WASHINGTON/BEIJING (Reuters) - China has underestimated U.S. President Donald Trump’s resolve to impose more tariffs unless it changes its “predatory” trade practices, a White House trade adviser said on Tuesday, as Trump greatly expanded the amount of Chinese imports possibly facing new duties.

The growing trade conflict hit financial markets hard, with Beijing accusing the United States of “extreme pressure and blackmailing” and vowing to retaliate. With both sides upping the ante, the risks of a damaging trade war grew dramatically.

Trump threatened on Monday to hit $200 billion of Chinese imports with 10 percent tariffs if Beijing retaliated against his previous targeting of $50 billion in imports, aimed at pressuring China to stop stealing U.S. intellectual property.

He also threatened tariffs on another $200 billion of Chinese products should Beijing hit back again, bringing to $450 billion the potential amount of Chinese exports that could be targeted. That sum approaches the roughly $500 billion in total annual Chinese exports to the United States.

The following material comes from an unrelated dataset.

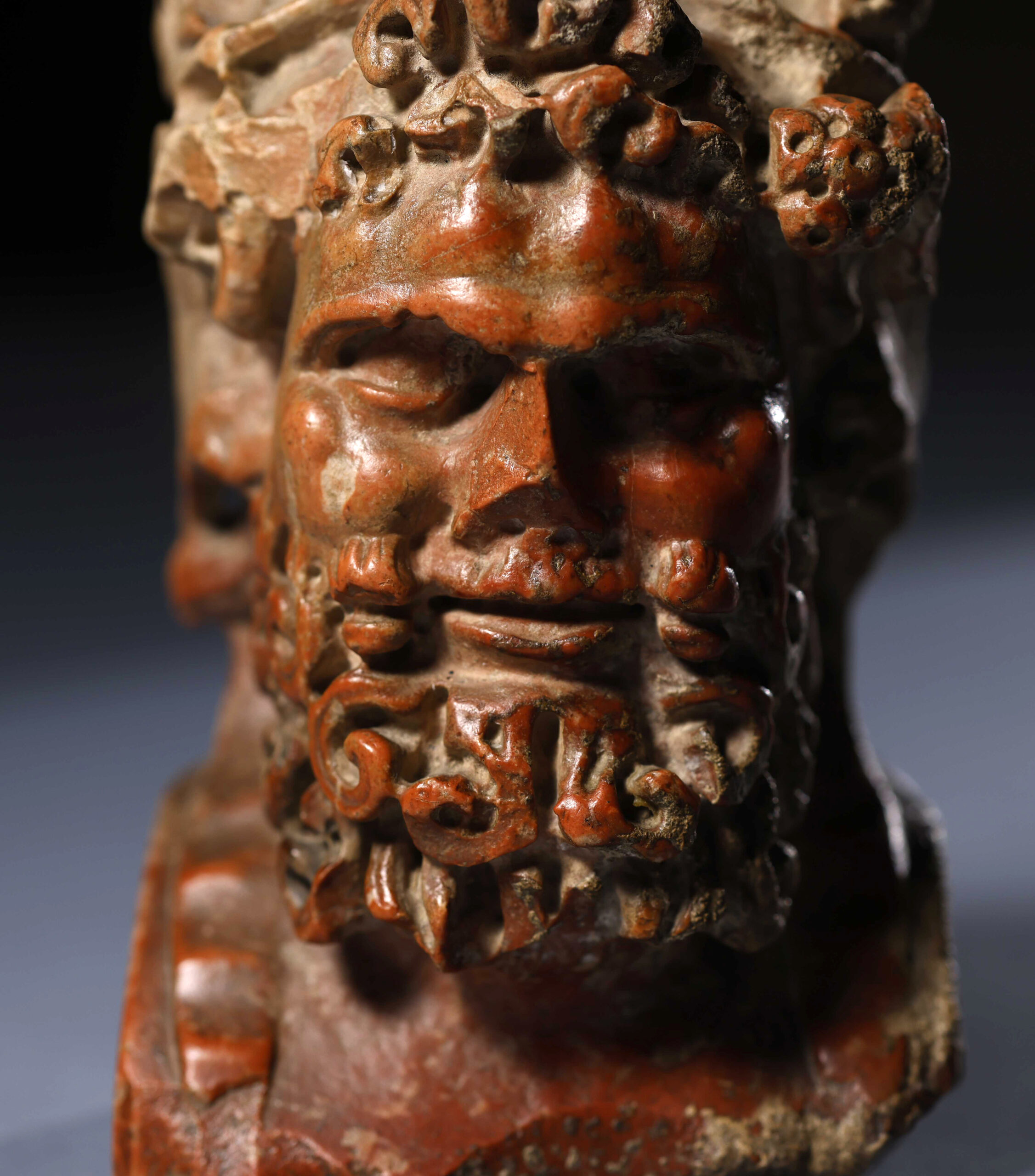 Los detalles en la barba y la corona muestran una ejecución precisa y cuidada. Esto sugiere el trabajo de un taller experimentado, probablemente urbano y con acceso a materiales de prestigio. El mármol Rosso Antico era muy valorado en época romana. Se extraía en el norte de África y Asia Menor, y se reservaba para obras de lujo. Su color rojizo refuerza la relación de Pan con la tierra, la vitalidad y lo salvaje.

White House trade adviser Peter Navarro, who views China as a hostile economic and military power, said Beijing had more to lose from a trade war. China imported $129.89 billion of U.S. goods last year, while the United States purchased $505.47 billion of Chinese products, according to U.S. data.

“The fundamental reality is that talk is cheap,” Navarro told reporters on a conference call, saying China “may have underestimated the strong resolve of President Donald J. Trump.”

“If they thought that they could buy us off cheap with a few extra products sold and allow them to continue to steal our intellectual property and crown jewels, that was a miscalculation,” Navarro said, referring to now-abandoned talks in which Beijing had offered to purchase more U.S. products.

The trade confrontation pits the world’s two largest economies against each other and could disrupt global supply chains for the tech and auto industries, sectors heavily reliant on outsourced components.